Незнакомец не спеша повернулся и неторопливо пошел вместе с толпой вверх, к главному входу в базар. Я на некотором отдалении последовал за ним, весь во власти неодолимого любопытства, решивший во что бы то ни стало узнать, куда же он, в конце концов, придет; узнать о нем как можно больше.

Он шел не оборачиваясь, как-то очень легко, раскованно, но в то же время собранно; прошел мимо главного входа на базар и пошел вдоль высокой базарной ограды дальше: там вскоре начинались окраинные улочки, а за ними - поросший лесом горный склон. И вдруг он на ходу обернулся и посмотрел на меня смеющимися глазами. Смотрел лишь какую-то секунду, но я ясно понял, что он знает все мои мысли и намерения, и еще понял, что мне не надо за ним идти.

Я остановился и смотрел, как он уходит все дальше уверенными легкими шагами...

13

- Присядем... - предложил Швартин (они как раз дошли до маленького и тихого скверика).

Евтеев молча согласился.

- Ты рассказывал занятно, - произнес Швартин, закурив, - но кого и в чем может убедить твой рассказ?

- Если бы ты своими глазами увидел этого человека... - с сожалением вздохнул Евтеев.

- Я и так его словно бы увидел... И что?

- До тех пор, пока не узнал о Махатмах, меня мучило то, что это, без всякого сомнения, был именно _человек_.

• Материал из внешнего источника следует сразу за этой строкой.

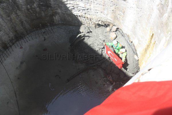 Dört sene önce Selimpaşa'da olan sel baskınını hatırlatan Topbaş, " Silivri'de Bolluca deresinin şu anda istimlaklarını yaptık. Biz orada 4 yıl uğraştırdılar. Yargıya götürdüler planları iptal ettirdiler.Olmaz dediler. Sonunda dediğimize geldiler. Bizim söylediğimiz doğru çıktı. Dört yıl önce yapsaydık o sel baskınını yemeyecekti orası.Şimdi bizim dediğimiz çıktı.Biz İstanbul'a ve insanımıza hizmet vermenin gururunu yaşamaktayız " şeklinde konuştu. Topbaş konuşmasının ardından atıksu tünelinin kaza köstebek cihazını kullanan Mustafa adlı makine operatörüyle telefonda konuştu. " Bir hediye bekliyorum " diyen operatöre cevap veren Topbaş " Tabii bahşişi olacak bu işin. Bunun farkındayız " dedi. Topbaş üç senedir yeraltında çalıştığını kaydeden makine operatörüne teşekkür etti. Ardından da yüzeyin 11 metre, deniz seviyesinden 6.5 metre altında olan köstebek adlı cihazı kullanan makine operatörü Türk bayrağı açarak belirlenen bölümden çıktı. Türk bayrağı açan makine operatörü kameralara poz verrmeyi de ihmal etmedi.

Швартин взглянул с недоумением.

- В нем не было ни малейшего _неизбежного отпечатка_ нашей цивилизации, но в то же время это - _без сомнения_ - был человек. _Единственное_, что можно было отнести к камуфляжу, - его одежду. Он был человеком от плоти и крови, и именно это впоследствии поставило меня в тупик. Я не сомневался, что он _не отсюда_, то есть не дитя нашей цивилизации, но тогда выходило, что где-то есть планета - не только двойник Земли, но биологическая эволюция, эволюция Жизни на которой привела к возникновению _людей_. Мало кто сомневается во множественности обитаемых миров, но чтобы такое... Я понимал: нет, слишком невероятно. Легче предположить, что наши предки переселились на Землю с этой планеты или когда-то были _созданы_ посетившими Землю разумными существами по их образу и подобию...

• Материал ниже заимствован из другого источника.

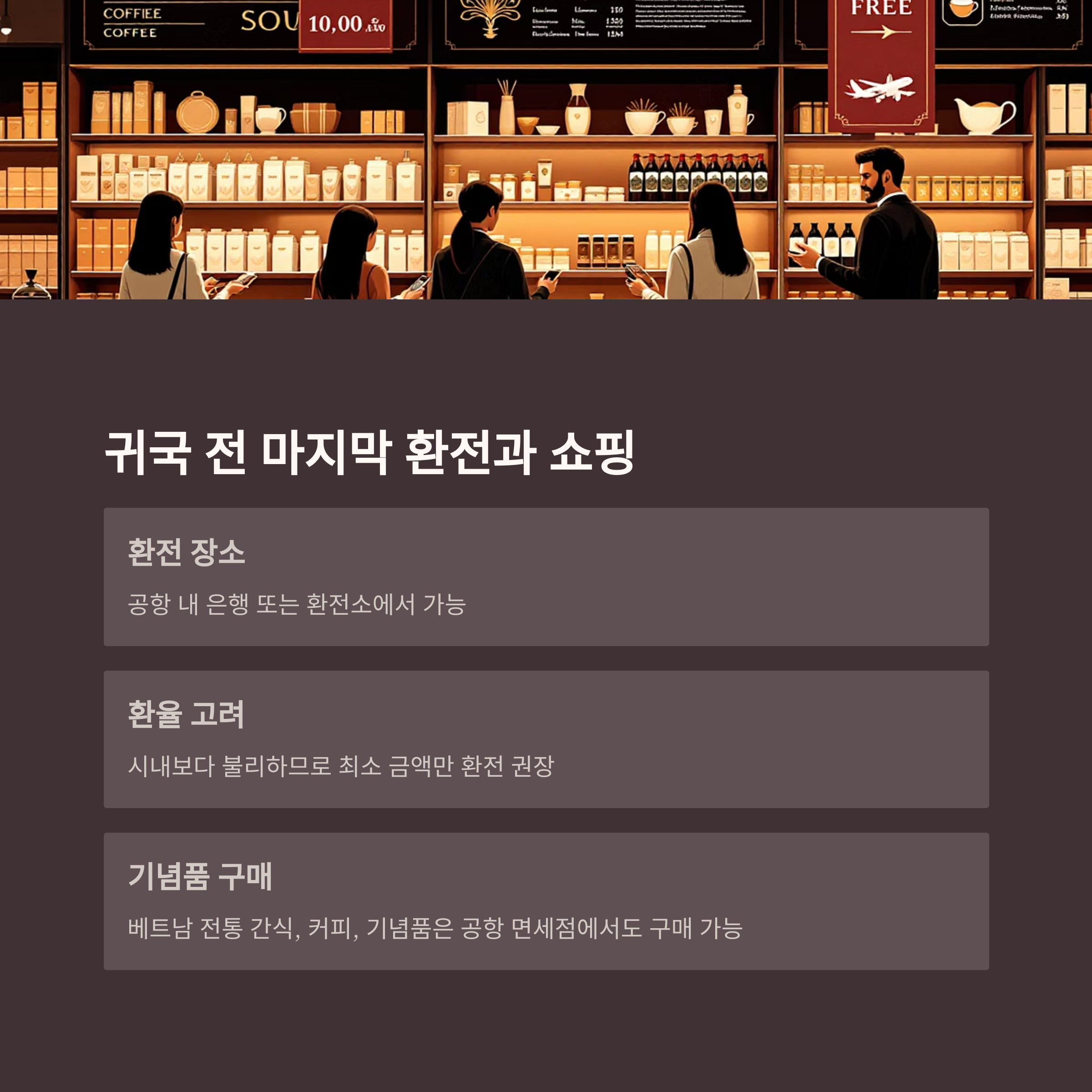 베트남 전통 간식, 커피, 기념품은 공항 면세점에서도 구매 가능하니 무리한 쇼핑은 피하세요

Эта загадка мучила меня долгие годы, и, честно сказать, я теперь благодарен ей за это; в разное время я находил ей разные решения, но интуиция говорила, в конце концов, что все не то. И лишь когда узнал о Махатмах и Шамбале - все сразу стало на свое место. Это был Махатма, и эти люди действительно великие мудрецы... - убежденно сказал Евтеев.

- ...Но тайна Шамбалы становится от этого... только еще большей тайной... - неожиданно заключил он.

14

- Кажется, я начинаю привыкать к жаре...

- Человек может ко всему привыкнуть, - подтвердил Швартин.

Оба они были в хорошем расположении духа: Швартин оттого, что пресловутая "экспедиция за призраками" вплотную подошла к зениту, еще день-два - и необходимо будет разворачивать машину на сто восемьдесят градусов, пускаться в обратный путь; хорошее же настроение Евтеева объяснялось тем, что утром проснулся в уверенности, что безумная его, абсурдная затея все-таки удастся. Осуществится задуманное, как ни удивительно. Больше того, хоть Швартину, конечно, об этом не говорил, Махатма, которого он здесь встретит, будет именно тем, виденным им в юности.

Зная, что это бессмысленно, Евтеев даже не пытался искать оснований своей странной уверенности. Для него главным было то, что она не только не умерла во все предыдущие изнурительные дни и звездные волшебные вечера, но, оказывается, исподволь крепла, черпая силу в чем-то неведомом и самому Евтееву, и вот передала эту силу ему. Мозг не мог найти оснований этой уверенности, но здесь, в Гоби, Евтеев, как никогда раньше, жил чувствами, предчувствиями, интуицией, озарениями и прозрениями.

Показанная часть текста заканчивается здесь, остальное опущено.